模型訓練sklearn包:決策樹,隨機森林,極端隨機森林,多層感知機,lgb,xgb,GBDT,邏輯回歸等等好的機器學習演算法

import csv
import os

import numpy as np
import pandas as pd
from lightgbm import LGBMRegressor
from ngboost import NGBoost
from ngboost.distns import Normal
from ngboost.learners import default_tree_learner
from ngboost.scores import MLE
from sklearn import linear_model
from sklearn.ensemble import GradientBoostingRegressor, RandomForestRegressor, ExtraTreesRegressor, AdaBoostRegressor
from sklearn.metrics import mean_squared_error, mean_absolute_error
from sklearn.model_selection import GridSearchCV
from sklearn.svm import LinearSVR, SVR
from sklearn.tree import DecisionTreeRegressor
from xgboost import XGBRegressor
from catboost import CatBoostRegressor


def writeOneCsv(relate_record, src):
    try:
        with open(src, 'a', newline='\n') as csvFile:
            writer = csv.writer(csvFile)
            writer.writerow(relate_record)
        # csvFile.close()
    except Exception as e:
        print(e)
        print(relate_record)
        # writeCsvGBK(relate_record,bus)

os.chdir(r'E:\project\python\jianguiyuan\data\\')
src = r'E:\專案檔案\水電站流量預測\data\important\調參記錄\\'
hour = [0, 0.14285714285714285, 0.2857142857142857, 0.4285714285714285, 0.5714285714285714, 0.7142857142857143,
        0.8571428571428571, 0.9999999999999999]

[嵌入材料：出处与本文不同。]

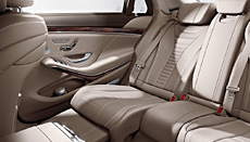 First-Class Rear with continuous business console and temperature-controlled cup holder (optional)[2] The continuous Business console transforms the rear into a mobile office with two individual seats. Two USB ports, two 12-volt sockets and the temperature-controlled cup holder as well as optional features such as folding tables, make for a comfortable travelling and working environment. The elements at a glance:

def submission_predict(model):
    for m in [0, 1, 2]:
        print(m + 1)
        x_test1 = test12()[m].reshape(1, 12)
        x_test_d = get_test()[7 * m:7 * (m + 1), ]
        vec = [m + 1]
        for i in range(0, 7):
            x_test1[0, 5:10] = x_test_d[i]
            for n in hour:
                x_test1[0][11] = n
                pred = model.predict(x_test1)
                print(pred[0])
                x_test1[0][4] = x_test1[0][3]
                x_test1[0][3] = x_test1[0][2]
                x_test1[0][2] = x_test1[0][1]
                x_test1[0][1] = x_test1[0][0]
                x_test1[0][0] = pred[0]
                x_test_list = x_test1[0].tolist()
                writeOneCsv(x_test_list, 'x_test_cnn12_' + str(m + 1) + '.csv')
                vec.append(pred[0])
        writeOneCsv(vec, 'lstm_submission.csv')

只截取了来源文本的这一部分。